───── DATA SEGMENT

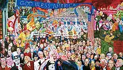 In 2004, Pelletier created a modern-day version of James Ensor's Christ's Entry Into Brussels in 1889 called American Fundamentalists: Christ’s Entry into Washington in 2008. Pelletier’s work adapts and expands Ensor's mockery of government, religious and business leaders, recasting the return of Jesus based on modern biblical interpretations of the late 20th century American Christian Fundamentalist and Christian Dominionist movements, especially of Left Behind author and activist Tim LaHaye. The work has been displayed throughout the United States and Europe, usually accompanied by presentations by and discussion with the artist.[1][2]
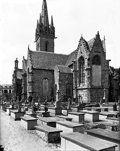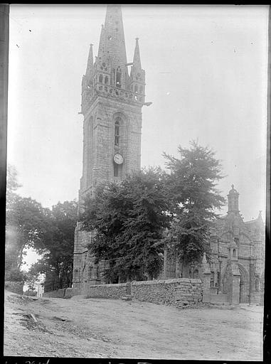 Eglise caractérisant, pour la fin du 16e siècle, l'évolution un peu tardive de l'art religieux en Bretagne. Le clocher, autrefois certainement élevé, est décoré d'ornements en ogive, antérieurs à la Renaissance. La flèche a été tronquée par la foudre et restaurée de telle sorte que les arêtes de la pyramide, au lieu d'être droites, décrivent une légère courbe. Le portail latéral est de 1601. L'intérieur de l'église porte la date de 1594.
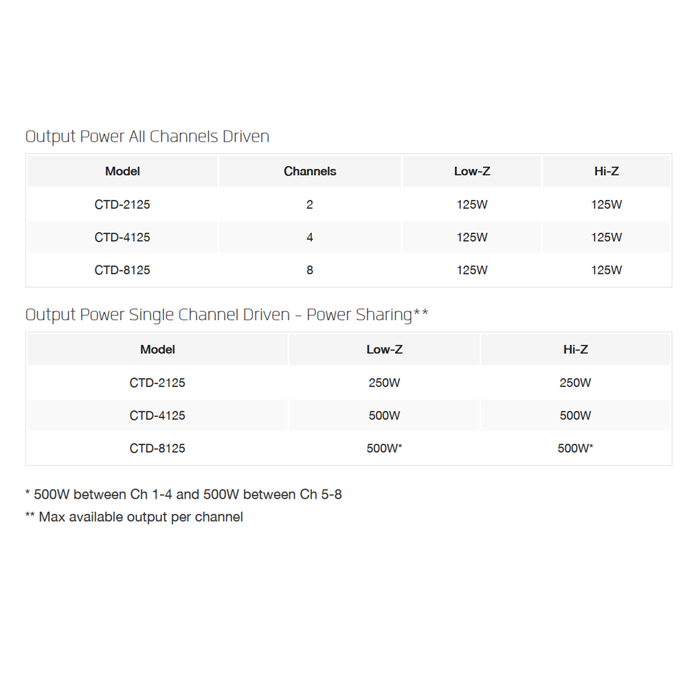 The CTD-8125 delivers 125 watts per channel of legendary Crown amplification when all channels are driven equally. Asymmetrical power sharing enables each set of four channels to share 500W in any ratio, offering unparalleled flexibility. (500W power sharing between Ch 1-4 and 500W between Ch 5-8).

──────────

PROBLEM TO WORK ON:
Leave every picture out and write out exactly the lines from the line with "Eglise caractérisant, pour" through the last line of the material.

ANSWER SECTION:
 Eglise caractérisant, pour la fin du 16e siècle, l'évolution un peu tardive de l'art religieux en Bretagne. Le clocher, autrefois certainement élevé, est décoré d'ornements en ogive, antérieurs à la Renaissance. La flèche a été tronquée par la foudre et restaurée de telle sorte que les arêtes de la pyramide, au lieu d'être droites, décrivent une légère courbe. Le portail latéral est de 1601. L'intérieur de l'église porte la date de 1594.
 The CTD-8125 delivers 125 watts per channel of legendary Crown amplification when all channels are driven equally. Asymmetrical power sharing enables each set of four channels to share 500W in any ratio, offering unparalleled flexibility. (500W power sharing between Ch 1-4 and 500W between Ch 5-8).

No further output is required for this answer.